CLI Rolling Update (`git pull` + build + deploy)¶

This page is the workstation-driven path for rolling out new code to a deployed dashboard. It is paired with the script scripts/dev/cli-upgrade.sh.

Quick rolling update (TL;DR)

Pick the path that matches who you are. Both deploy all six sidecars (api / worker / beat / frontend / terminal / redis) by rebuilding the three custom images (elb-api, elb-frontend, elb-terminal) and swapping the Container App template via postprovision.sh.

Operator (not editing code)Code contributor (deploying local edits)

You are deploying a tagged release from origin/main (or a release branch) without local edits. This is the safest path — the SPA header vA.B.<build> · <short-sha> will match exactly what is in git, so future "what shipped?" questions are trivial.

# 1. Land the release on your workstation.
git fetch --tags origin
git checkout main && git pull --ff-only

# 2. Preview the plan (no build, no PATCH).
scripts/dev/cli-upgrade.sh full --dry-run

# 3. Deploy.
scripts/dev/cli-upgrade.sh full --yes

No --allow-dirty: the script refuses to proceed if the tree is dirty, which is exactly the guardrail you want.
--pull is intentionally not passed in step 3 — you already pulled in step 1 and saw what landed.

You are iterating on api/, web/, terminal/, or infra/ and want to ship the working tree. Commit first so the SPA header SHA matches the deployed code (az acr build packages whatever is on disk regardless of git state — see § "Working tree, git, and the SPA header").

# 1. Commit (or stash, then unstash after deploy).
git add -A && git commit -m "feat(scope): summary"

# 2. Preview the plan.
scripts/dev/cli-upgrade.sh full --dry-run

# 3. Deploy.
scripts/dev/cli-upgrade.sh full --yes

If you absolutely must deploy uncommitted edits (e.g. quick production hotfix you will commit immediately after), add --allow-dirty to acknowledge the SHA mismatch:

scripts/dev/cli-upgrade.sh full --allow-dirty --yes

Then commit the same diff right after the deploy succeeds, and record the commit SHA in the per-feature change note under docs/features_change/.

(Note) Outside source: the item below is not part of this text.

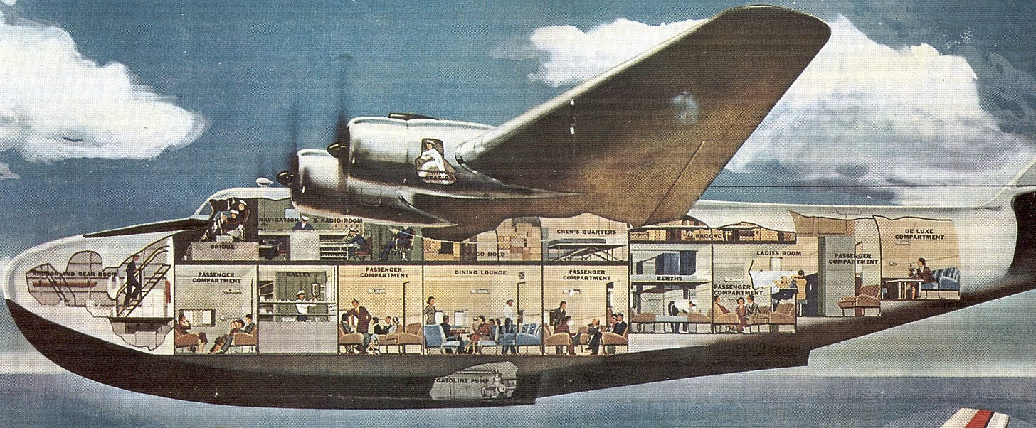 The pilot asks the crew to inform the passengers that they will be turning back. He banks and turns, bringing the elegant Boeing 314 Clipper back on a course for Foynes, Ireland which they had left 5 hours earlier.
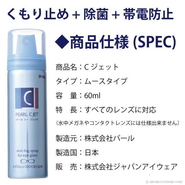 強力 くもり止め メガネ レンズ 眼鏡 ムースタイプ くもり止め C-JET ムースタイプ 60ml Cジェット シージェット パール PEARL 除菌 エアゾール 曇り止め レンズ PEARL 日本製

Only edited api/ code (no infra/, terminal/, or sidecar layout change)? The faster api scope rebuilds one image and patches api+worker+beat in ~60 s:

scripts/dev/cli-upgrade.sh api --yes

For either path: snapshot + /api/health poll + auto-rollback still run. Tune the budget with --health-timeout 300 when the terminal sidecar was rebuilt or the app was scaled to zero.

If you see RBAC errors after the upgrade (e.g. cluster create fails)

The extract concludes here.